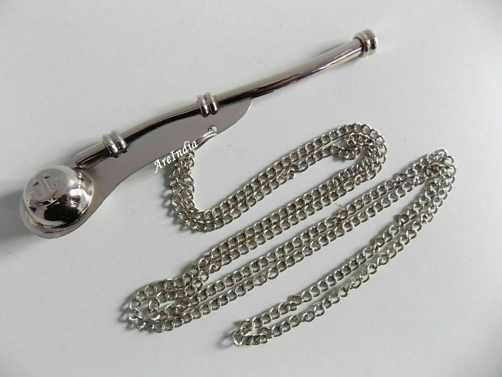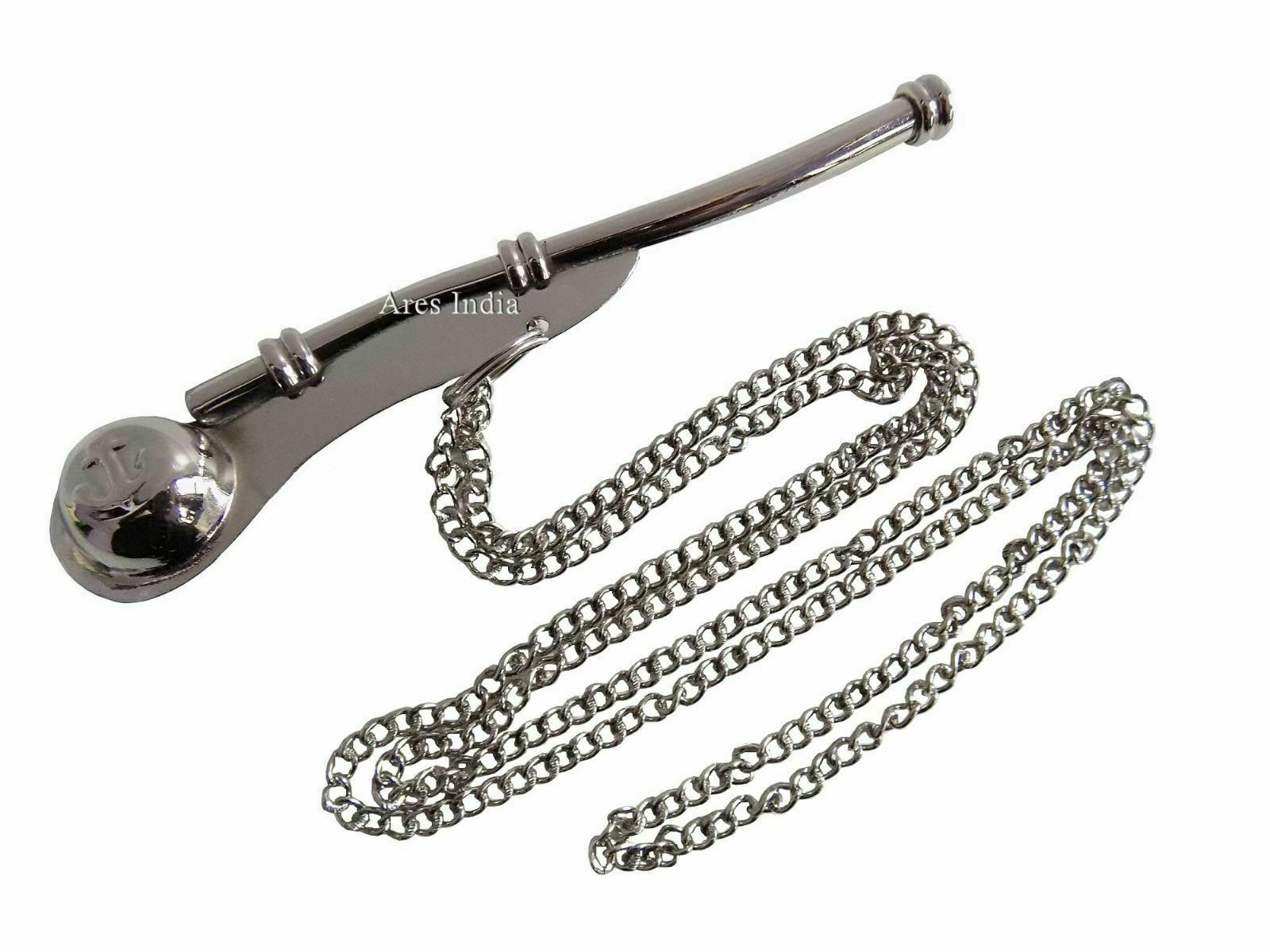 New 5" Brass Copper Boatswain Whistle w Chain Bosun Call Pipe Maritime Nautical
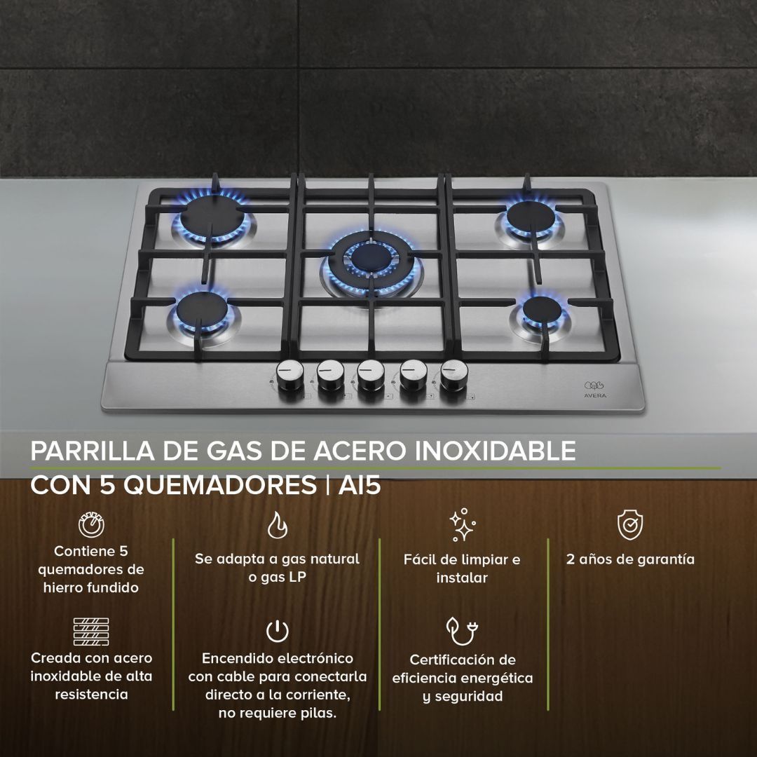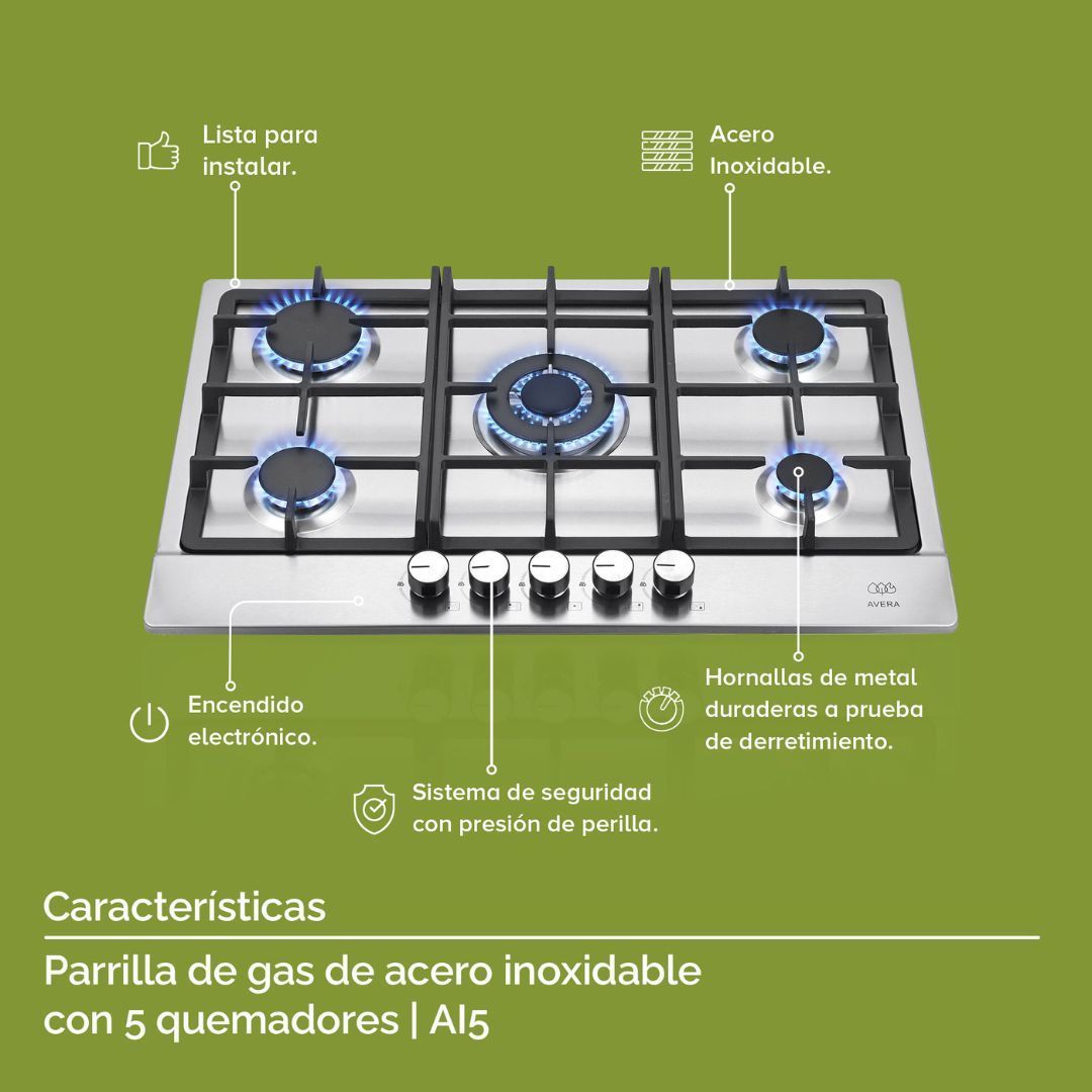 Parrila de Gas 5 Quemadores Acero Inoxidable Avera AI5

:::::

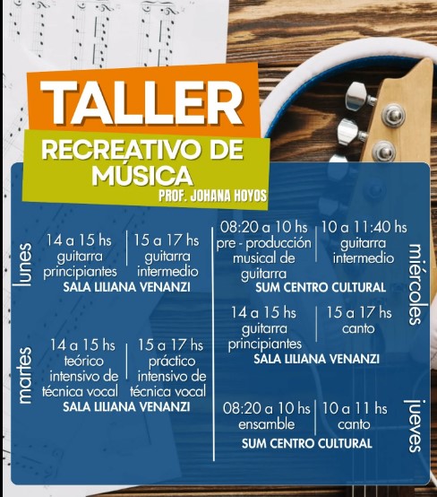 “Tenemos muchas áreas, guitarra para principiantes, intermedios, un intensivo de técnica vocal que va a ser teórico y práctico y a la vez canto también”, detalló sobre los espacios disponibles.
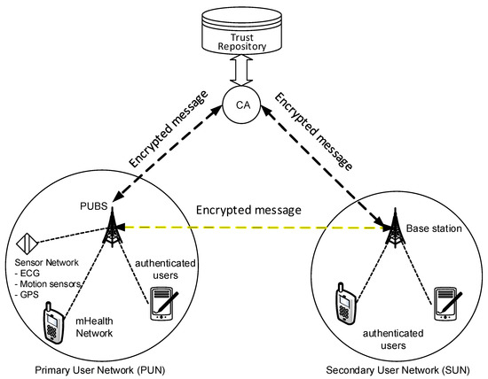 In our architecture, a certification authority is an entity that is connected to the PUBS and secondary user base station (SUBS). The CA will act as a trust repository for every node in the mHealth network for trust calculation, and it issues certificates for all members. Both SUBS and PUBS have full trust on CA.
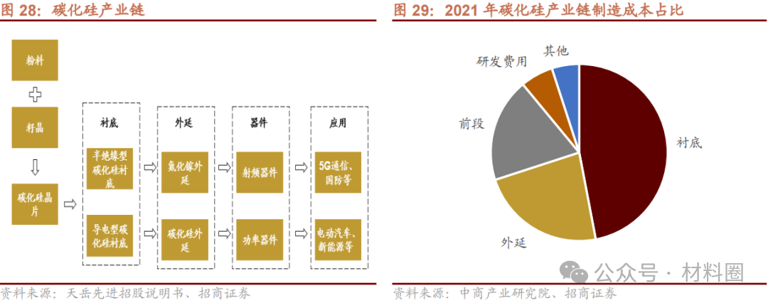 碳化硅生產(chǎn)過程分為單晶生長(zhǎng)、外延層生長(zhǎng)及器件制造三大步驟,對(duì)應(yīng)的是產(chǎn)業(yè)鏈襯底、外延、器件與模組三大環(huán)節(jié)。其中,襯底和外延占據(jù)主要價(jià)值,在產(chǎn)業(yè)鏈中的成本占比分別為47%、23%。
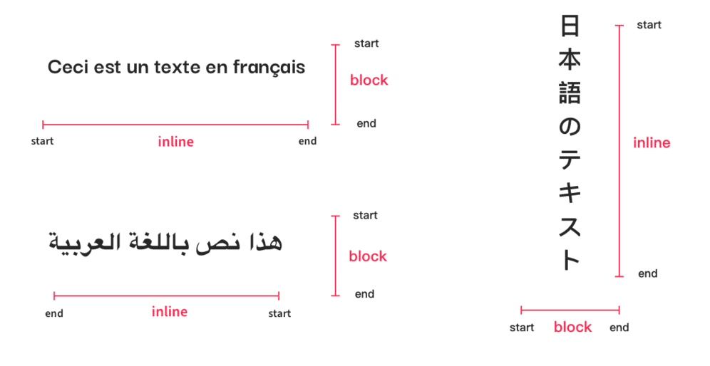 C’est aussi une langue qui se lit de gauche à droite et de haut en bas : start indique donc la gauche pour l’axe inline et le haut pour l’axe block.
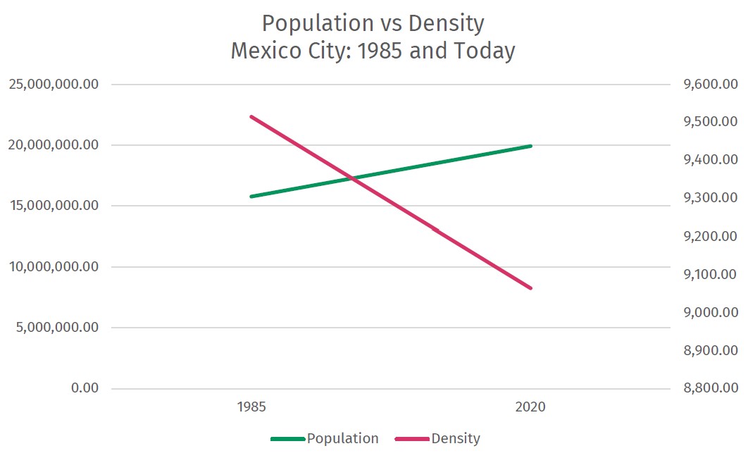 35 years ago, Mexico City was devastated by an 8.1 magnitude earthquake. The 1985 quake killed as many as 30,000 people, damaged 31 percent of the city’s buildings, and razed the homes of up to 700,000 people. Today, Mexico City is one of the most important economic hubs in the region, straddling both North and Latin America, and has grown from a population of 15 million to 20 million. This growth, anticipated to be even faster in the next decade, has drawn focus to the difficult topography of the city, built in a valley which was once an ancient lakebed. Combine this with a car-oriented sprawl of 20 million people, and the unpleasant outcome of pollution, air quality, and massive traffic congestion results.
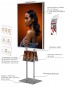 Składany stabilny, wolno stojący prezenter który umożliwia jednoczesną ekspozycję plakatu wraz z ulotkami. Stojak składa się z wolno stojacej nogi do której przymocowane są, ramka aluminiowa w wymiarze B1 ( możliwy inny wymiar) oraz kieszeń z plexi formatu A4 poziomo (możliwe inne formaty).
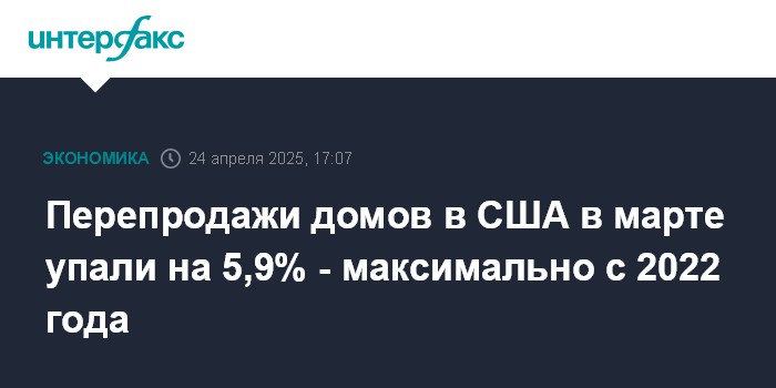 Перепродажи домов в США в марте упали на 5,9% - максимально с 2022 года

:::::

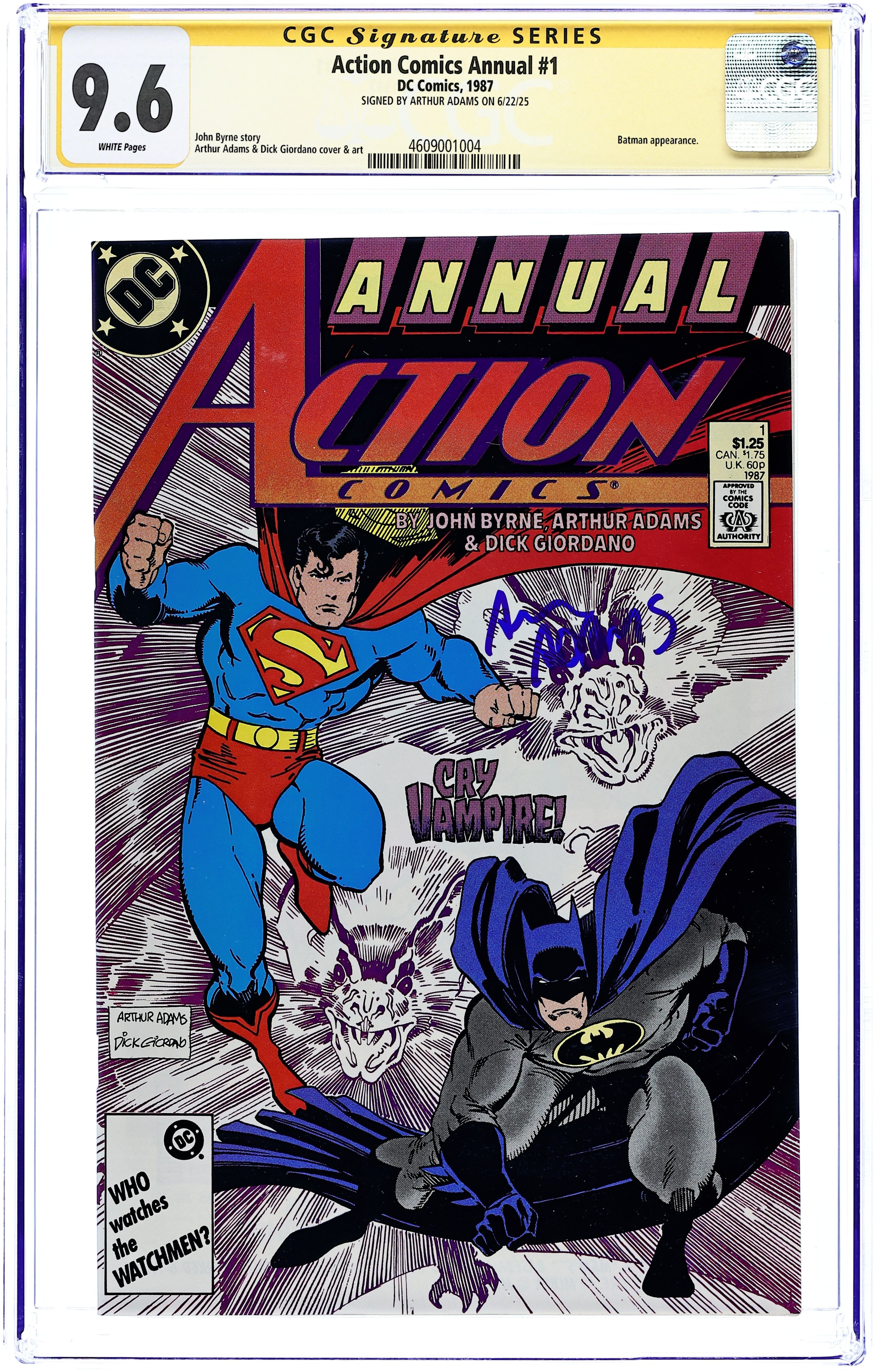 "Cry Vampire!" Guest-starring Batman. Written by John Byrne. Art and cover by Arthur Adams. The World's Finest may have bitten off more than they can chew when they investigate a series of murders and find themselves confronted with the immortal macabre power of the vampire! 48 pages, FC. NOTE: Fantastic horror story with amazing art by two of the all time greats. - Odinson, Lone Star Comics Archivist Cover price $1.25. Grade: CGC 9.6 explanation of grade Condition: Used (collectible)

:::::

Exercise:
When you reach the line containing "Pipe Maritime Nautical" in the entries above, begin restating word for word, and stop once the line containing "Parrila de Gas" has been given. Omit the pictures.

Response to this exercise:
 New 5" Brass Copper Boatswain Whistle w Chain Bosun Call Pipe Maritime Nautical
 Parrila de Gas 5 Quemadores Acero Inoxidable Avera AI5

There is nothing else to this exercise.